§ RECORDS FOR PROCESSING:
━━━━━━━━━━━━━━━━

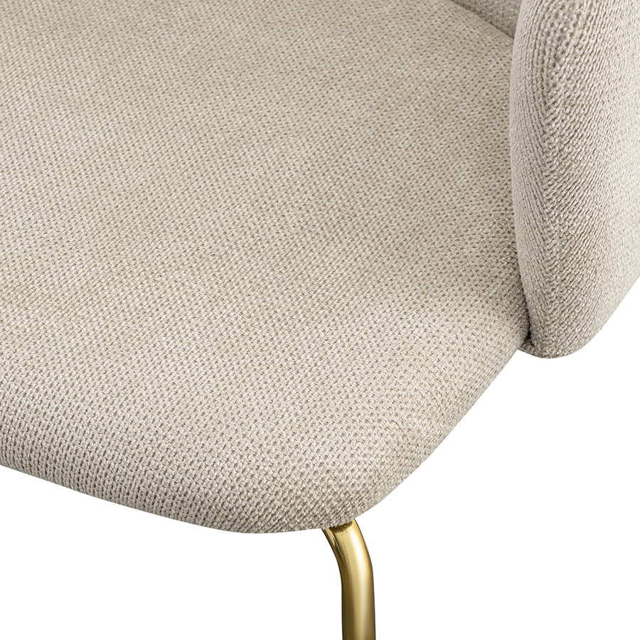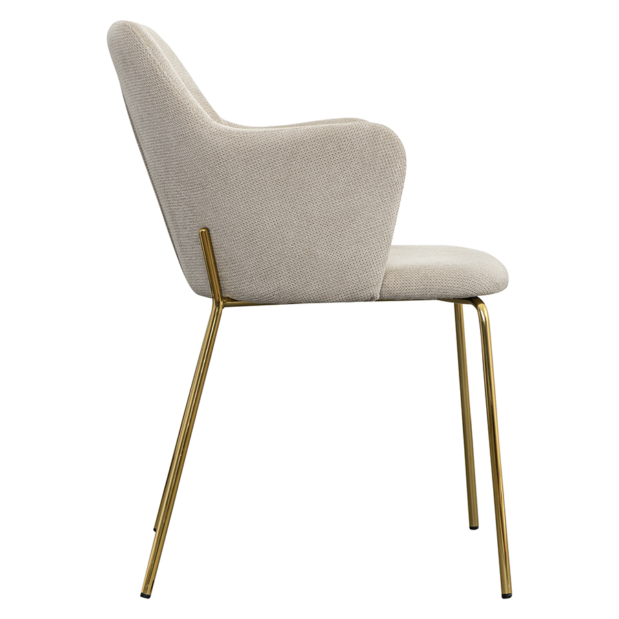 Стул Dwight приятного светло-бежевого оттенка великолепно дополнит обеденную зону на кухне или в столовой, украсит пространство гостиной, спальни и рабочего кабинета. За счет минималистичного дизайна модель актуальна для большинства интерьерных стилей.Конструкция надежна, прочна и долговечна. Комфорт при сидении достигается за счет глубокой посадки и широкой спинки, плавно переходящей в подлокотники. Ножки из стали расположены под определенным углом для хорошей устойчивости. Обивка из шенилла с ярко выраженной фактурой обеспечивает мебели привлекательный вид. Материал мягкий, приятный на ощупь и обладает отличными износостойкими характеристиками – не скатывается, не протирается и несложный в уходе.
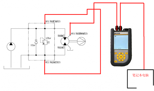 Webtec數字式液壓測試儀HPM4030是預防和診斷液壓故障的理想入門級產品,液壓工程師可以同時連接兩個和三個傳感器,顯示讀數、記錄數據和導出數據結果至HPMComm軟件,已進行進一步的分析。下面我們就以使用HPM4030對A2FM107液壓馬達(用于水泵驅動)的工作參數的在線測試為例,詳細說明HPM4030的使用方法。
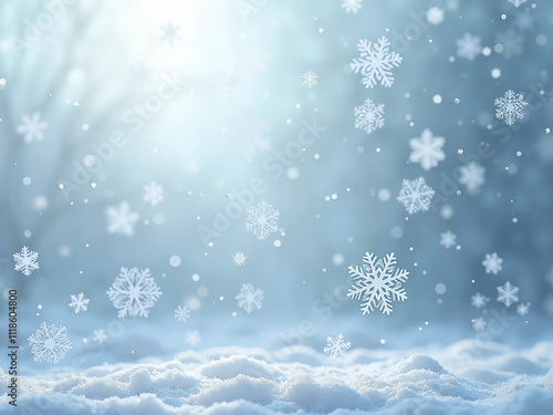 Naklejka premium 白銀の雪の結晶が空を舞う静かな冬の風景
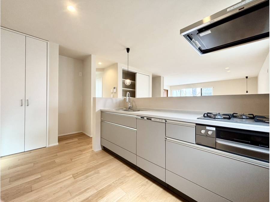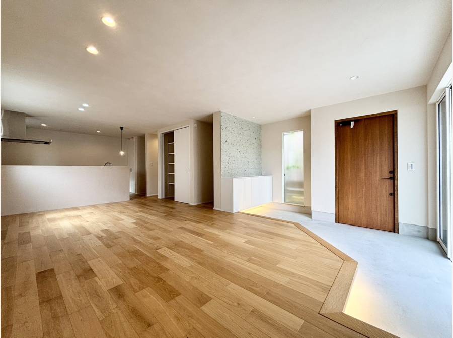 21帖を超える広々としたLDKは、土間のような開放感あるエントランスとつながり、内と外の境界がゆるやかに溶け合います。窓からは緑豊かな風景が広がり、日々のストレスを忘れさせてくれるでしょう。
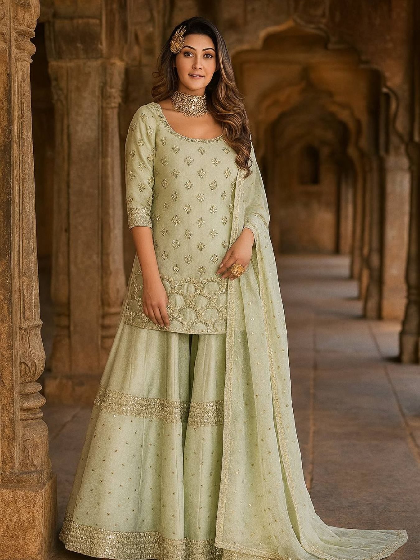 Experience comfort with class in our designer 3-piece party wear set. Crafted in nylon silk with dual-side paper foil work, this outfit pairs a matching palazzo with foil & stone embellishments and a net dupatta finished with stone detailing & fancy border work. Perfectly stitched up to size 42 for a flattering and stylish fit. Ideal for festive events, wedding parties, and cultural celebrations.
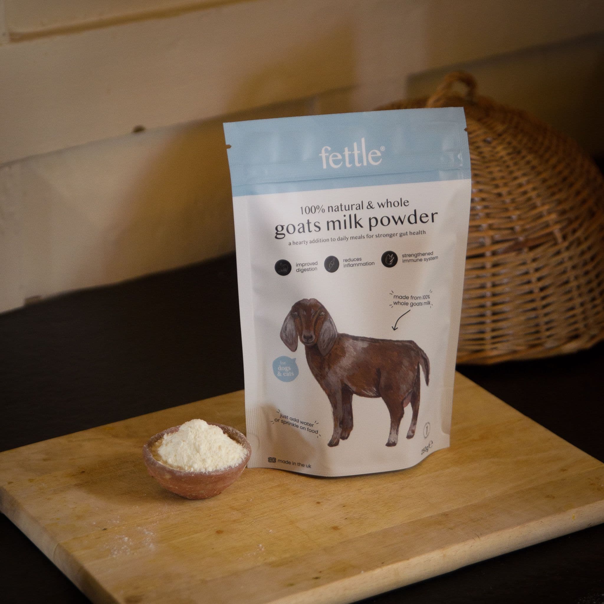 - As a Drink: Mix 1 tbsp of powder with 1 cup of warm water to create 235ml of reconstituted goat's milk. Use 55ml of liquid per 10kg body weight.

━━━━━━━━━━━━━━━━

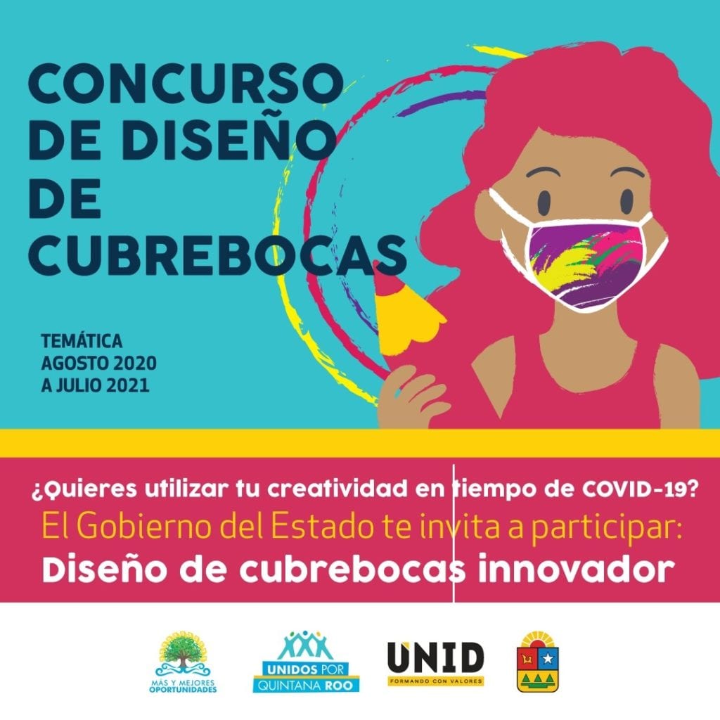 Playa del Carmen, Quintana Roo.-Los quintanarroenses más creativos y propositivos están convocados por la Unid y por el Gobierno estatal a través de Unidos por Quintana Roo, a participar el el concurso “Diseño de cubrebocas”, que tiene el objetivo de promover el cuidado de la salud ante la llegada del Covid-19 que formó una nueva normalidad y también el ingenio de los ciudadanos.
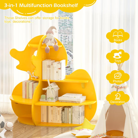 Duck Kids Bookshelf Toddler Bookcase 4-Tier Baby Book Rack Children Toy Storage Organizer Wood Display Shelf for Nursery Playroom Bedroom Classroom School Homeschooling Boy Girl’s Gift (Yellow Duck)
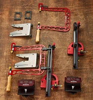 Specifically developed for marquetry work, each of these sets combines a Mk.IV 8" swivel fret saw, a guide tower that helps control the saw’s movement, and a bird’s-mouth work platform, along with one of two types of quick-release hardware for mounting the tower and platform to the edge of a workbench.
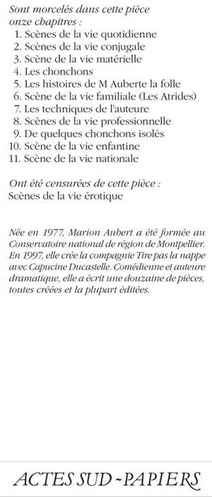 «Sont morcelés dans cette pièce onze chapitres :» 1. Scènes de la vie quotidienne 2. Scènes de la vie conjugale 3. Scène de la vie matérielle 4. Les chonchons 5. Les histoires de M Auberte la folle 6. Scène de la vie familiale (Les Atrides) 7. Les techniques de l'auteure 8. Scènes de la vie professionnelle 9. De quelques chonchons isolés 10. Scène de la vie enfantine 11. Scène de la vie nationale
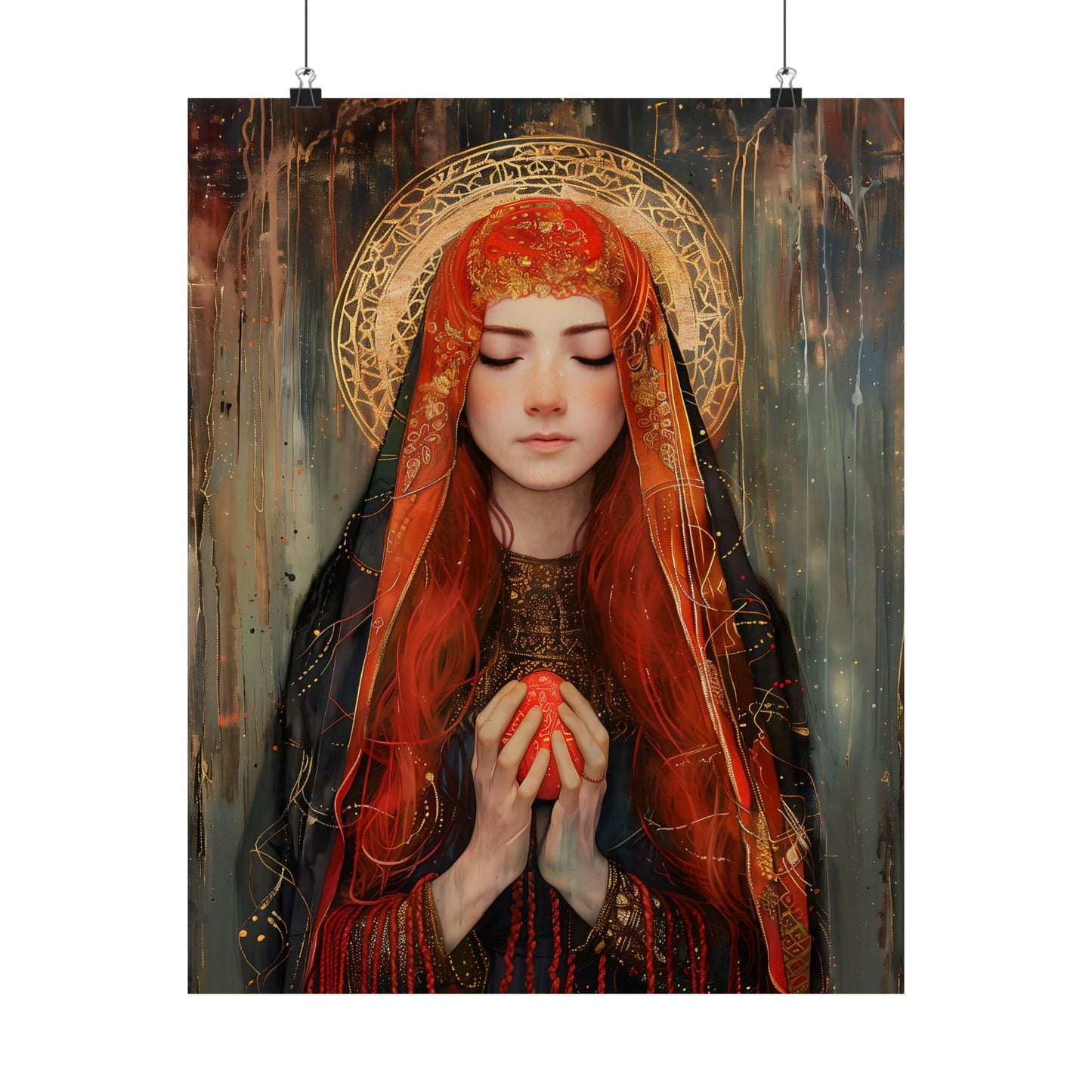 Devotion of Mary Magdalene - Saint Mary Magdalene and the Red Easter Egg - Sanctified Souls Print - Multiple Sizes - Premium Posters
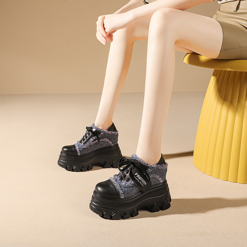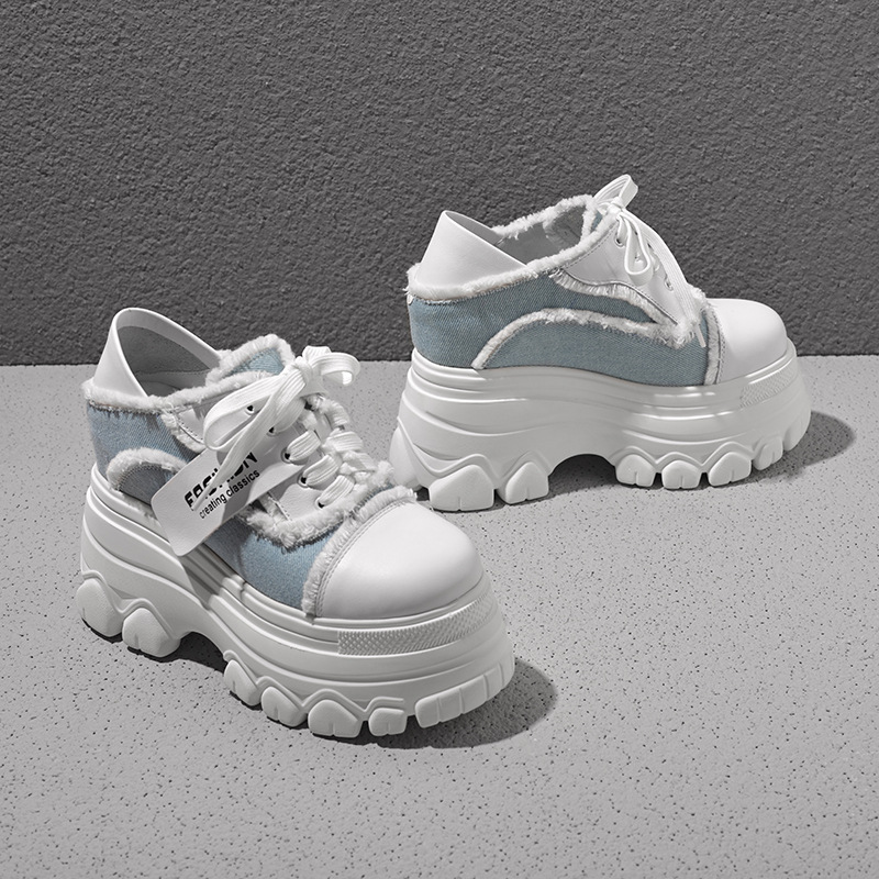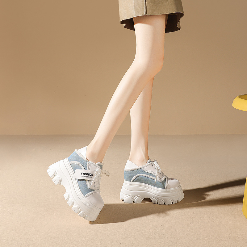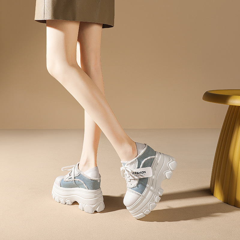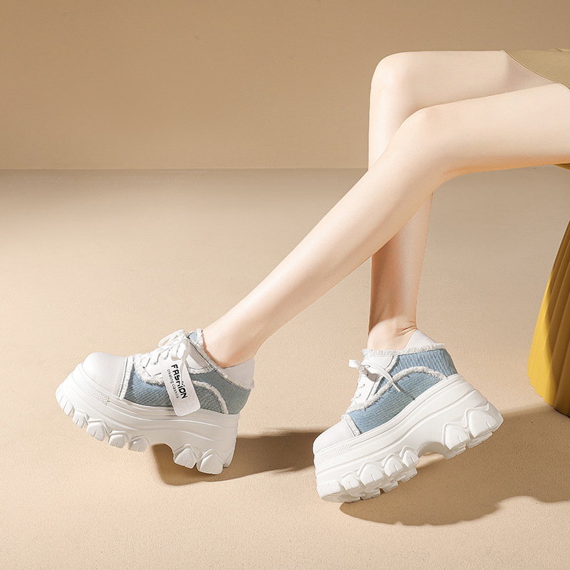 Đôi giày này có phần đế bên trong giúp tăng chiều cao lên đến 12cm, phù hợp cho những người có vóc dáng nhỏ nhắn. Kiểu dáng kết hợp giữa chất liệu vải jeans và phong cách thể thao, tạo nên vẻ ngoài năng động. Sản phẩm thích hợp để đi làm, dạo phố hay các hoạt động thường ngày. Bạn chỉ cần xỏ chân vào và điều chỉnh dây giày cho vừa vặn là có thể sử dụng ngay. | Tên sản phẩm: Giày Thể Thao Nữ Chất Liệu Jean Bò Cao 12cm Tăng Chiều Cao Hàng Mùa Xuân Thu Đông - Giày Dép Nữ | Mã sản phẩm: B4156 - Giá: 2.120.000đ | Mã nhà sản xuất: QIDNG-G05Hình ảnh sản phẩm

━━━━━━━━━━━━━━━━

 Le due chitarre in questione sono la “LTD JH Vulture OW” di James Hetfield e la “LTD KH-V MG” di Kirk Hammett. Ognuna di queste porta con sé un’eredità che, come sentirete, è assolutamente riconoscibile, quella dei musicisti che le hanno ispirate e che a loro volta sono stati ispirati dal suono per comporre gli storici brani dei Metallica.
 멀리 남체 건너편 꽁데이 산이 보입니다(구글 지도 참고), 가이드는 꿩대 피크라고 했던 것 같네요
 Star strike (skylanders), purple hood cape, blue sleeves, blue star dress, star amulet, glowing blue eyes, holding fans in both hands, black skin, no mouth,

━━━━━━━━━━━━━━━━

§ PROMPT: In the listing above, find the line with "la vie nationale" and output it and every line after it up to and including the line with "Devotion of Mary", exactly, minus the pictures.

§ ANSWER SPACE:
 «Sont morcelés dans cette pièce onze chapitres :» 1. Scènes de la vie quotidienne 2. Scènes de la vie conjugale 3. Scène de la vie matérielle 4. Les chonchons 5. Les histoires de M Auberte la folle 6. Scène de la vie familiale (Les Atrides) 7. Les techniques de l'auteure 8. Scènes de la vie professionnelle 9. De quelques chonchons isolés 10. Scène de la vie enfantine 11. Scène de la vie nationale
 Devotion of Mary Magdalene - Saint Mary Magdalene and the Red Easter Egg - Sanctified Souls Print - Multiple Sizes - Premium Posters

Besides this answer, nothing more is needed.